Work to be completed:
In the copy, every record below must appear exactly as given, and no picture may appear.

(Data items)
----

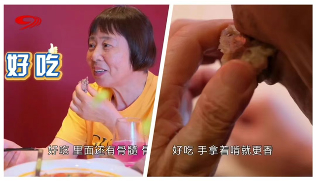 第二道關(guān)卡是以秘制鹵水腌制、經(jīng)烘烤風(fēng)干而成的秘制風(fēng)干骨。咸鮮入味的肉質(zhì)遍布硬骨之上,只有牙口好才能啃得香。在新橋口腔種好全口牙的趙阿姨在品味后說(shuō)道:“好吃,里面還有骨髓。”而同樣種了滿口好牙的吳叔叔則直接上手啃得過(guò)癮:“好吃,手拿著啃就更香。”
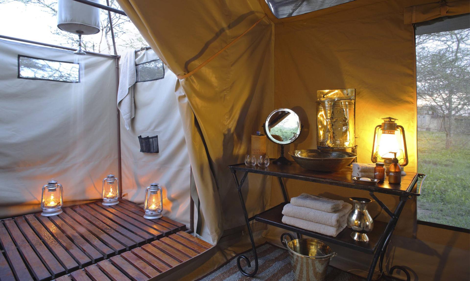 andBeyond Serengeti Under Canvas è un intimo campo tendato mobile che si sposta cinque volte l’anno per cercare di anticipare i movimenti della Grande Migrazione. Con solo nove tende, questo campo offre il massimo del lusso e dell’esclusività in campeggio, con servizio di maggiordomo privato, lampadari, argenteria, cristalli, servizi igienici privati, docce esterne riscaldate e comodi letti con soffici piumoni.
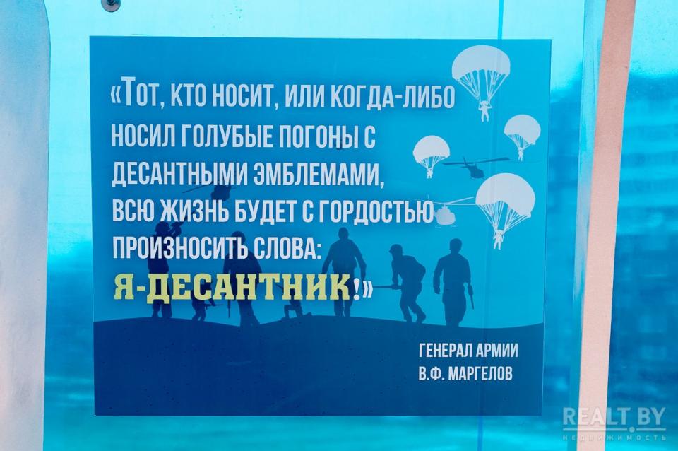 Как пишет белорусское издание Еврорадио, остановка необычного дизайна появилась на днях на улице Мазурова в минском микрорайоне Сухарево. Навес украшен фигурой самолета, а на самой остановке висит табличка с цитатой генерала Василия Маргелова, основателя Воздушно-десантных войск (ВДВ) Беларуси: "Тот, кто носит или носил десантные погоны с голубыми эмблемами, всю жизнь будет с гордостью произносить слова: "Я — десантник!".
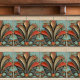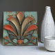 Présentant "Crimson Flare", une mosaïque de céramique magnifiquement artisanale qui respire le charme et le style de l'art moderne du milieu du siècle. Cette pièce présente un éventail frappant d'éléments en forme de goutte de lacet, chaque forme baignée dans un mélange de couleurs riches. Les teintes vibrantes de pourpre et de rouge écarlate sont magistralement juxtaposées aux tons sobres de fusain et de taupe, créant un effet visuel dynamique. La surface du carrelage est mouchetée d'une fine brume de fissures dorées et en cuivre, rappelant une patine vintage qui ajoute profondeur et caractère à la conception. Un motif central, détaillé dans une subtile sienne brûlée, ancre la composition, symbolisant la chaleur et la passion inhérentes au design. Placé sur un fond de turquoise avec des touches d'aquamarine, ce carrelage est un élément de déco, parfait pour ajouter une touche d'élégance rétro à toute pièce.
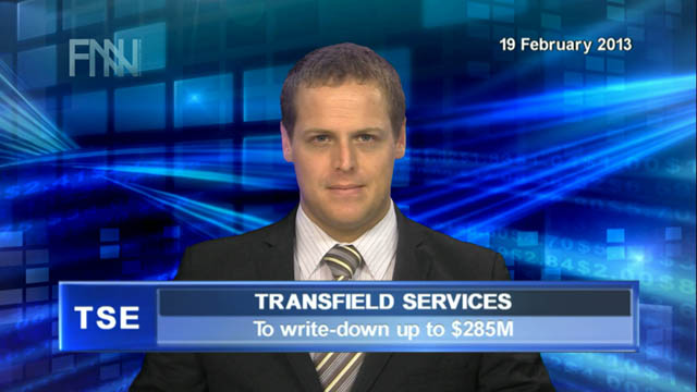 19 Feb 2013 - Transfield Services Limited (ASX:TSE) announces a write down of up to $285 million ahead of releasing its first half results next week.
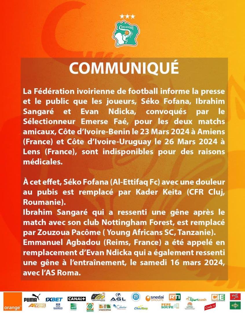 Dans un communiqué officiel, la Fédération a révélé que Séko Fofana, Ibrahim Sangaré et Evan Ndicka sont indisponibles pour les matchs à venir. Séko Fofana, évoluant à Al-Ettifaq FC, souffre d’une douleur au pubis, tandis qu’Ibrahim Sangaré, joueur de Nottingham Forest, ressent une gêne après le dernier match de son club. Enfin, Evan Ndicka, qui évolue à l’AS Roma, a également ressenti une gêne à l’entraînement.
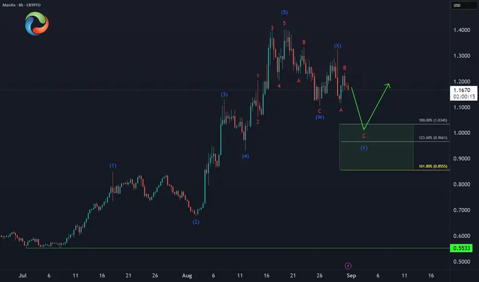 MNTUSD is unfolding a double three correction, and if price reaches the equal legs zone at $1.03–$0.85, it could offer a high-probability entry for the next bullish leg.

----

Exercise response:
 第二道關(guān)卡是以秘制鹵水腌制、經(jīng)烘烤風(fēng)干而成的秘制風(fēng)干骨。咸鮮入味的肉質(zhì)遍布硬骨之上,只有牙口好才能啃得香。在新橋口腔種好全口牙的趙阿姨在品味后說(shuō)道:“好吃,里面還有骨髓。”而同樣種了滿口好牙的吳叔叔則直接上手啃得過(guò)癮:“好吃,手拿著啃就更香。”
 andBeyond Serengeti Under Canvas è un intimo campo tendato mobile che si sposta cinque volte l’anno per cercare di anticipare i movimenti della Grande Migrazione. Con solo nove tende, questo campo offre il massimo del lusso e dell’esclusività in campeggio, con servizio di maggiordomo privato, lampadari, argenteria, cristalli, servizi igienici privati, docce esterne riscaldate e comodi letti con soffici piumoni.
 Как пишет белорусское издание Еврорадио, остановка необычного дизайна появилась на днях на улице Мазурова в минском микрорайоне Сухарево. Навес украшен фигурой самолета, а на самой остановке висит табличка с цитатой генерала Василия Маргелова, основателя Воздушно-десантных войск (ВДВ) Беларуси: "Тот, кто носит или носил десантные погоны с голубыми эмблемами, всю жизнь будет с гордостью произносить слова: "Я — десантник!".
 Présentant "Crimson Flare", une mosaïque de céramique magnifiquement artisanale qui respire le charme et le style de l'art moderne du milieu du siècle. Cette pièce présente un éventail frappant d'éléments en forme de goutte de lacet, chaque forme baignée dans un mélange de couleurs riches. Les teintes vibrantes de pourpre et de rouge écarlate sont magistralement juxtaposées aux tons sobres de fusain et de taupe, créant un effet visuel dynamique. La surface du carrelage est mouchetée d'une fine brume de fissures dorées et en cuivre, rappelant une patine vintage qui ajoute profondeur et caractère à la conception. Un motif central, détaillé dans une subtile sienne brûlée, ancre la composition, symbolisant la chaleur et la passion inhérentes au design. Placé sur un fond de turquoise avec des touches d'aquamarine, ce carrelage est un élément de déco, parfait pour ajouter une touche d'élégance rétro à toute pièce.
 19 Feb 2013 - Transfield Services Limited (ASX:TSE) announces a write down of up to $285 million ahead of releasing its first half results next week.
 Dans un communiqué officiel, la Fédération a révélé que Séko Fofana, Ibrahim Sangaré et Evan Ndicka sont indisponibles pour les matchs à venir. Séko Fofana, évoluant à Al-Ettifaq FC, souffre d’une douleur au pubis, tandis qu’Ibrahim Sangaré, joueur de Nottingham Forest, ressent une gêne après le dernier match de son club. Enfin, Evan Ndicka, qui évolue à l’AS Roma, a également ressenti une gêne à l’entraînement.
 MNTUSD is unfolding a double three correction, and if price reaches the equal legs zone at $1.03–$0.85, it could offer a high-probability entry for the next bullish leg.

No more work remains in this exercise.